# Lakers turn down Marion for Odom



## Eternal (Sep 7, 2005)

> What the Lakers still hope for is to acquire an impact player who can put them back among the elite. Earlier in the week they reportedly were trying to get All-Star forward Kevin Garnett from Minnesota for Lamar Odom, Andrew Bynum and a draft pick, but were turned down, even after the Lakers tried to make it a four-team deal.
> 
> However, league sources said the Lakers will wait out the Garnett saga in hopes they can persuade Minnesota general manager Kevin McHale with the right deal.
> 
> ...


http://www.pe.com/sports/basketball/lakers/stories/PE_Sports_Local_D_lakers_notes_30.4051b40.html


----------



## Eternal (Sep 7, 2005)

Gotta love that counter offer... :rofl:


----------



## afobisme (Apr 29, 2006)

yeah agreed. that's hilarious. i didn't know mitch was funny.

odom > marion. i think he's overrated. he's good on a team like the suns, and he's a great #3 guy and all.. but he's not a good #2 option.


----------



## Eternal (Sep 7, 2005)

I'm not sure if I'd do it or not. We'd lose size... but get better defensively. I'd probably stick with Odom... since I'm a big Odom fan.


----------



## afobisme (Apr 29, 2006)

mitch should contact every team and offer them a kwame deal. that would be hilarious. kwame for camby, kwame+filler for marion. what's next?

how about the sonics re-sign rashard lewis for 60 million/5 years and ship him to us for kwame + radmanovic?


----------



## Cris (Jun 18, 2003)

There are no words to describe my feelings towards mitch.


----------



## Eternal (Sep 7, 2005)

Cris said:


> There are no words to describe my feelings towards mitch.


Just give him a big hug then to show him how you feel. No need hiding it.:clap:


----------



## Silk D (Feb 6, 2006)

I can't imagine how (more) scary the suns would be with Lamar. run-n-gun is probably where he'd excel the most.

A player like Marion or Gerald Wallace would go great next to Kobe, though. He'd be able to take the tough defensive assingments, plus they'd both find a way to put points on the board w/o having plays called for them. he's definately not worth odom, though


----------



## Dissonance (Jul 21, 2004)

I don't buy it for one second. Total BS. Makes no sense. Especially to a division rival. Besides, Marion would have to agree to an extension before going anywhere, which he was not going to do. 

Suns were only going to trade Marion if it were for KG and in a 3 way. 

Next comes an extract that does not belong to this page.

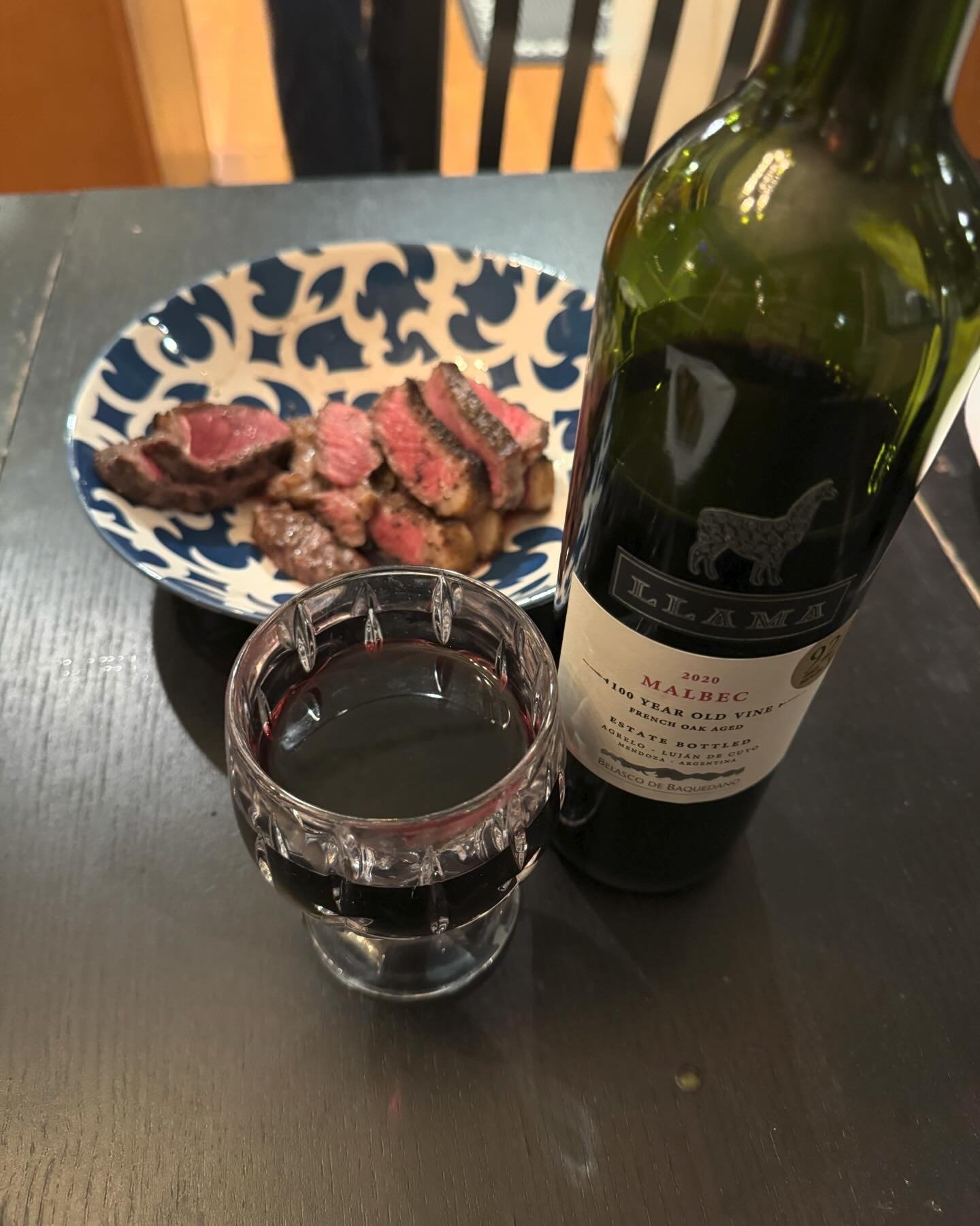Steak (made by a friend) with Llama 2020 Malbec, Lujan de Cujo, Mendoza, Argentina.
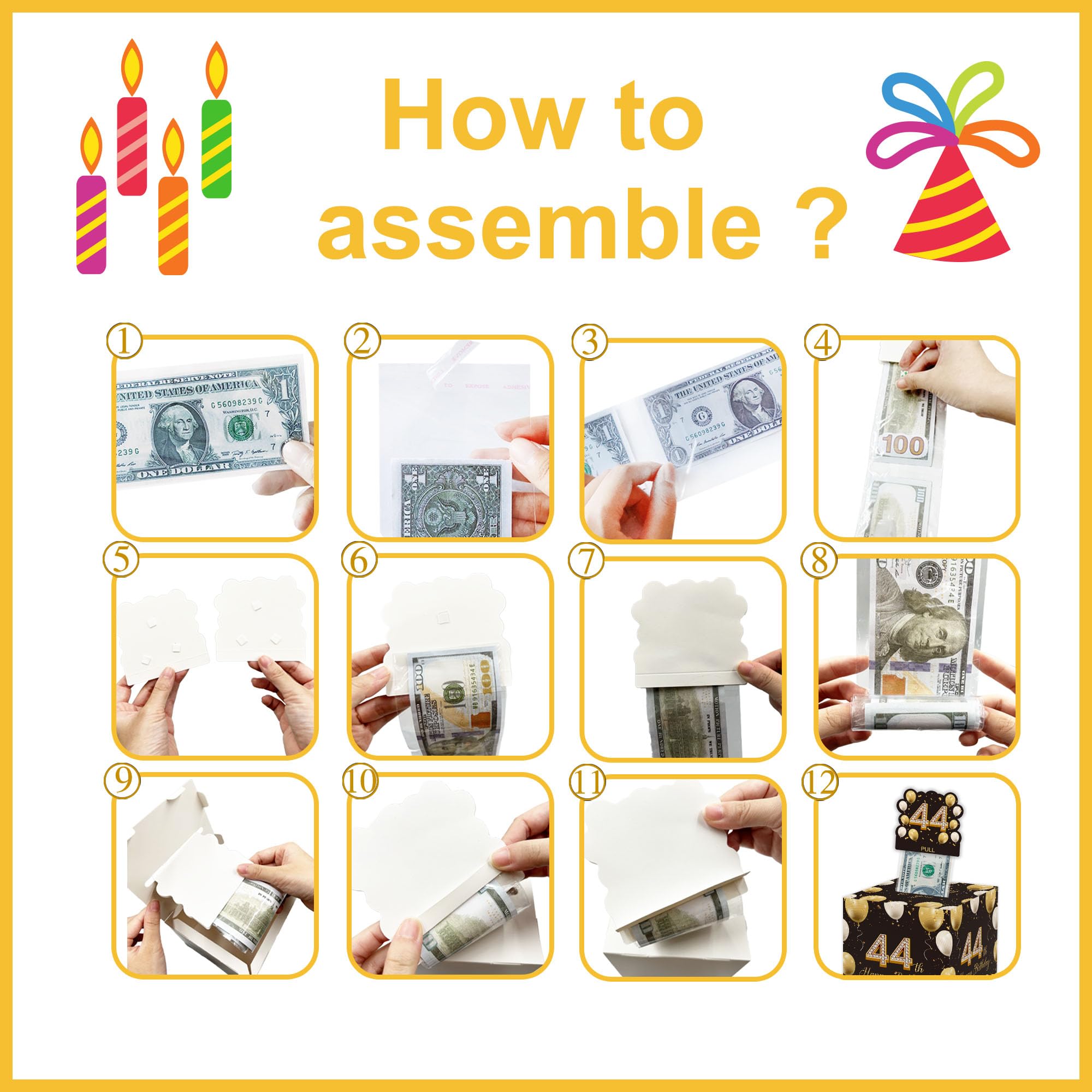 Surprise Gift Box: this gift box measures 5x5 inches, is made of durable cardboard. It also includes 2 theme-related shaped card(with adhere glue dots), 1 roll of transparent tape and 35 plastic pouches similar to the size of U.S. currency for easy placement of bills.

Plus, how many times over the last fews week sources said a deal was close when teams haven't even talked?


----------



## Eternal (Sep 7, 2005)

Dissonance19 said:


> I don't buy it for one second. Total BS. Makes no sense. Especially to a division rival. Besides, Marion would have to agree to an extension before going anywhere, which he was not going to do.
> 
> Suns were only going to trade Marion if it were for KG and in a 3 way.
> 
> Plus, how many times over the last fews week sources said a deal was close when teams haven't even talked?


You sound like Marion is worlds better then Odom. :biggrin: 

I'd say the deal is as even as you can get. I wouldn't do the deal if I were the Lakers though, IMO, simply because it's hard to tell if Marion doesn't benefit with being in the Suns system.


----------



## Drewbs (Feb 16, 2004)

Good, that would have been a terrible trade.

lmao at Mitch offering Kwame instead.


----------



## HKF (Dec 10, 2002)

They should just trade Kobe. This team is going nowhere fast. Just rebuild. You can't win with this group around him. It's too soft and mediocre. Not a future all-star in the bunch, unless Crittenton breaks out and I love his talent, but man this is the wrong team for him.


----------



## Cris (Jun 18, 2003)

Eternal said:


> Just give him a big hug then to show him how you feel. No need hiding it.:clap:


Wanna Die?


----------



## Eternal (Sep 7, 2005)

Cris said:


> Wanna Die?


We all gotta go sometime. :cheers:


----------



## ieatbabies (Aug 24, 2005)

It makes absolutely no sense from the Suns' standpoint. The only thing that seemed feasible was perhaps Mitch's offer of Kwame for Marion, which by the way things have been going, it wouldn't have taken that much of a stretch of the imagination to believe and to also believe his seriousness in the offer (maybe he did offer it and was laughed at so he put out the Marion trade story as a cover-up)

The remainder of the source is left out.